Modular Customizable ROS-Based Framework for Rapid Development of Social Robots
for: developing socially competent robots with tight integration of robotics, computer vision, speech processing, and web technologies
methods: using an open-source framework called Socially-interactive Robot Software platform (SROS) with a modular layered architecture, bridging Robot Operating System (ROS) with web and Android interface layers, and implementing specialized perceptual and interactive skills as ROS services
results: successfully validated core technologies including computer vision, speech processing, and GPT2 autocomplete speech, demonstrated modularity through integration of an additional ROS package, and enabled synchronized cross-domain interaction and multimodal behaviors on an example platformAbstract
Developing socially competent robots requires tight integration of robotics, computer vision, speech processing, and web technologies. We present the Socially-interactive Robot Software platform (SROS), an open-source framework addressing this need through a modular layered architecture.
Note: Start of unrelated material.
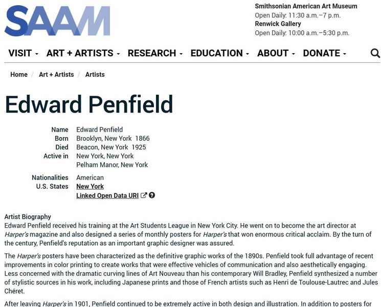 As part of the Smithsonian Art Museum's database of artists, Edward Penfield is described here along with information on his contributions to art through his posters and poster design.

SROS bridges the Robot Operating System (ROS) layer for mobility with web and Android interface layers using standard messaging and APIs. Specialized perceptual and interactive skills are implemented as ROS services for reusable deployment on any robot. This facilitates rapid prototyping of collaborative behaviors that synchronize perception with physical actuation. We experimentally validated core SROS technologies including computer vision, speech processing, and GPT2 autocomplete speech implemented as plug-and-play ROS services. Modularity is demonstrated through the successful integration of an additional ROS package, without changes to hardware or software platforms. The capabilities enabled confirm SROS's effectiveness in developing socially interactive robots through synchronized cross-domain interaction. Through demonstrations showing synchronized multimodal behaviors on an example platform, we illustrate how the SROS architectural approach addresses shortcomings of previous work by lowering barriers for researchers to advance the state-of-the-art in adaptive, collaborative customizable human-robot systems through novel applications integrating perceptual and social abilities.
摘要
开发社交能力Robot需要紧密的机器人、计算机视觉、语音处理和网络技术的集成。我们提出了社交互动Robot软件平台(SROS),这是一个开源框架,通过模块化层次架构来满足这个需求。SROS将ROS层(Robot操作系统层)与网络和Android接口层用标准的消息和API进行桥接。特殊的感知和互动技能被实现为ROS服务,可以重用地部署在任何机器人上。这使得可以快速实现协作行为,同步感知与物理 actuation。我们实验 validate了核心SROS技术,包括计算机视觉、语音处理和GPT2自动完成语音实现为插件式ROS服务。模块性被证明通过不改变硬件或软件平台上成功地集成一个额外的ROS包。功能启用了证明SROS的有效性,通过同步多Modal功能来开发社交互动Robot。通过示例平台上的示例,我们说明了SROS的建筑方法如何解决过去的工作缺点,例如降低了对研究人员的障碍,以便通过新应用程序来提高可靠的、协作、可定制人机系统的状态艺术。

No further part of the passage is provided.